Through those acts and “alphabet soup” agencies, the Roosevelt Administration initiated the labors of relief, recovery, reconstruction and reform known as the New Deal. The Depression would persist, and some of the original New Deal experiments would falter and fail – in fact, clauses of the Industrial Recovery and Agriculture Acts would be declared unconstitutional in 1935 and 1936. Nevertheless, Roosevelt and the American people would move forward determinedly, pushing each other further than either expected to go.
The NRA was supposed to boost economic activity and employment in a democratic fashion by not only giving corporate executives, workers and consumers representation on the boards that were to issue the codes regulating production, prices and wages, but also by guaranteeing workers “the right to organize and bargain collectively,” abolishing child labor, and setting both a minimum wage and a maximum numbers of weekly work hours (35-40).
FDR himself projected even more progressive possibilities when he said, on signing the National Industrial Recovery Act into law: “no business which depends for existence on paying less than living wages to its workers has any right to continue in this country.” However, as much as the economy and workers’ lives improved, the NRA failed to produce the desired results. Corporate bosses – at the expense of small business interests and consumers – continually called the shots in writing the codes and repeatedly resisted workers’ efforts to organize. Still, workers would not be deterred. They would go on to fight for their rights and compel FDR to support the enactment of the 1935 National Labor Relations Act, under which the federal government would directly back workers’ pursuit of “industrial democracy.”
The New Dealers had more success improving the state of agriculture – but not for all farmers. Instituting a system in which farmers voluntarily reduced their planted acreage and limited their production of basic commodities in return for government-guaranteed prices and subsidies (paid for by taxes on food processors), the AAA raised both agricultural prices and incomes.

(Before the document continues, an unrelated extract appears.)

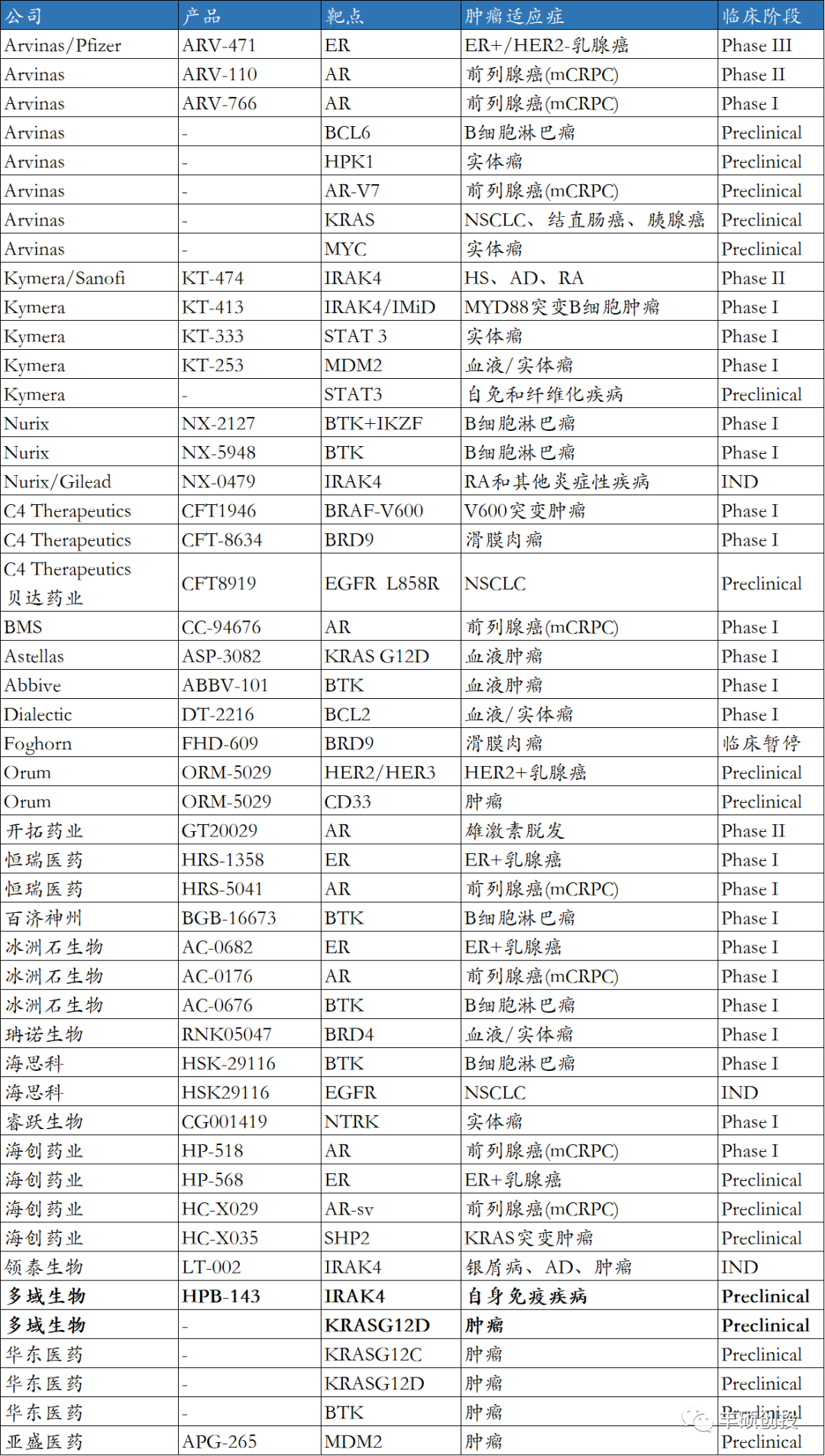 随着近几年国家鼓励创新研发,国内专注蛋白靶向降解这一新技术领域的初创公司也逐渐显现,其中有不少是前国际医药巨头的相关研发负责人归国创立的,例如冰洲石医药、珃诺生物、多域生物、星亢原生物、奥瑞药业等;此外,这一赛道也吸引了国内规模药企的关注,包括恒瑞医药、华东医药、石药集团、百济神州、诺诚健华、海思科、海创药业也相继入局。

However, while Midwestern family farmers saw real gains, many thousands of southern tenants and sharecroppers, black and white, saw no benefits when large landowners refused to share government payments with them. Worse, when those landowners reduced their cultivated acreage, their renters and croppers were shoved off the land and into the ranks of the jobless and homeless.

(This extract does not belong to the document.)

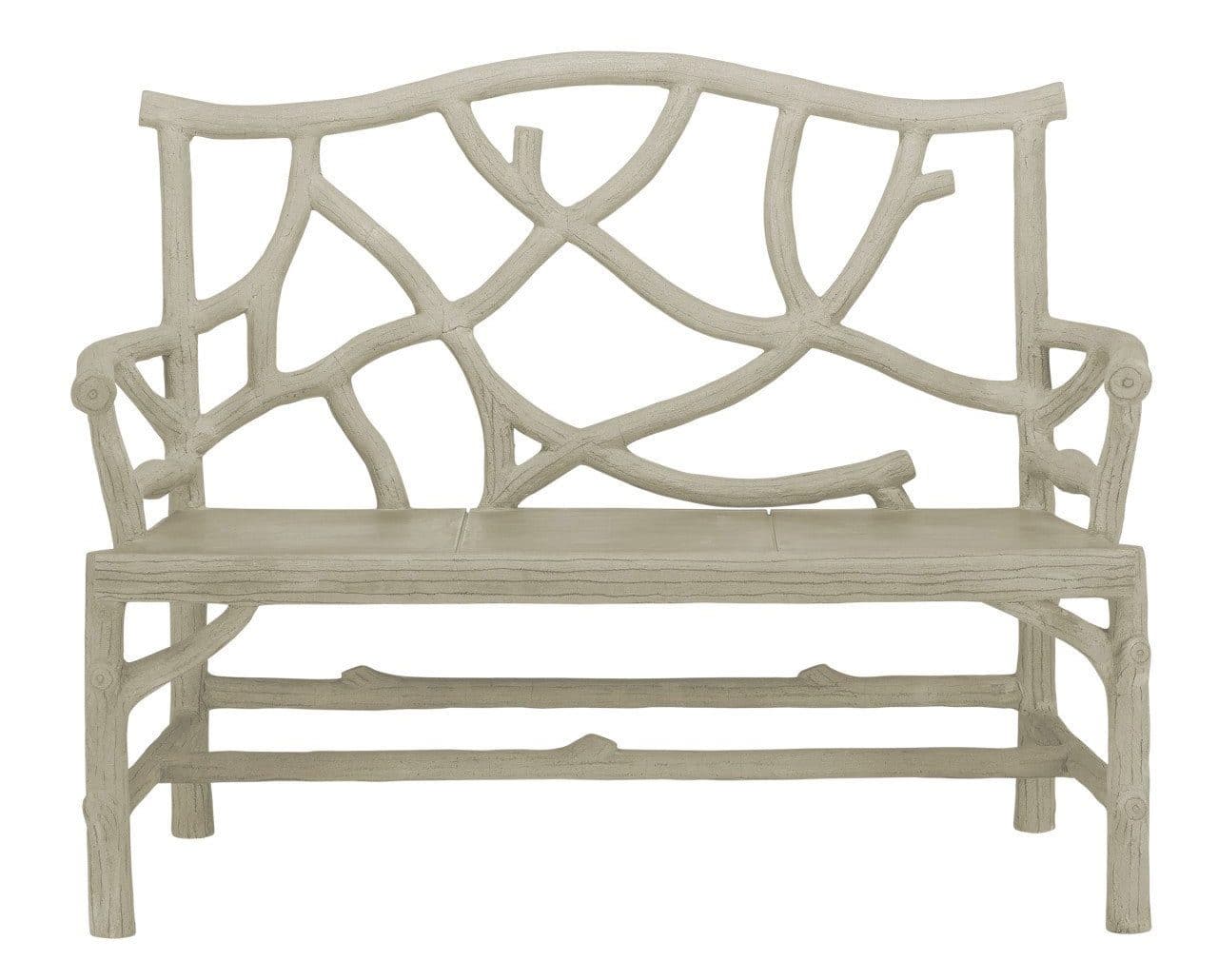 Product Description: Currey and Company 2705 Woodland Bench - The Woodland Bench is created by artisans who hand-apply the concrete over a metal frame and then sculpt it into the appearance of tree branches. The rustic yet transitional style of this faux bois bench allows it to move seamlessly from indoor settings to the outdoors.

Nevertheless, based on the achievements of the “Hundred Days,” FDR and his fellow citizens launched a democratic revolution – a revolution in which they would harness the powers of government and subject banks and corporations to public account and regulation, direct the federal government to address the needs of the poor young and old, empower workers to organize labor unions, expand the nation’s public infrastructure and improve the environment, and enhance educational opportunities and cultivate the arts – a revolution that truly enhanced American freedom, equality and democracy.
What we did once we can do again. Yes, it was a time of crisis, a crisis that demanded and licensed radical action. But given the right’s control of all three branches of government, what do you think we will soon be facing? Our turn to launch a democratic revolution approaches.
Harvey J. Kaye is the Ben & Joyce Rosenberg Professor of Democracy and Justice Studies at the University of Wisconsin-Green Bay and the author of Thomas Paine and the Promise of America (Farrar, Straus and Giroux) and The Fight for the Four Freedoms: What Made FDR and the Greatest Generation Truly Great (Simon & Schuster). He is currently writing Radicals at Heart: Why Americans Should Embrace their Radical History (The New Press).  Follow him on Twitter: @harveyjkaye.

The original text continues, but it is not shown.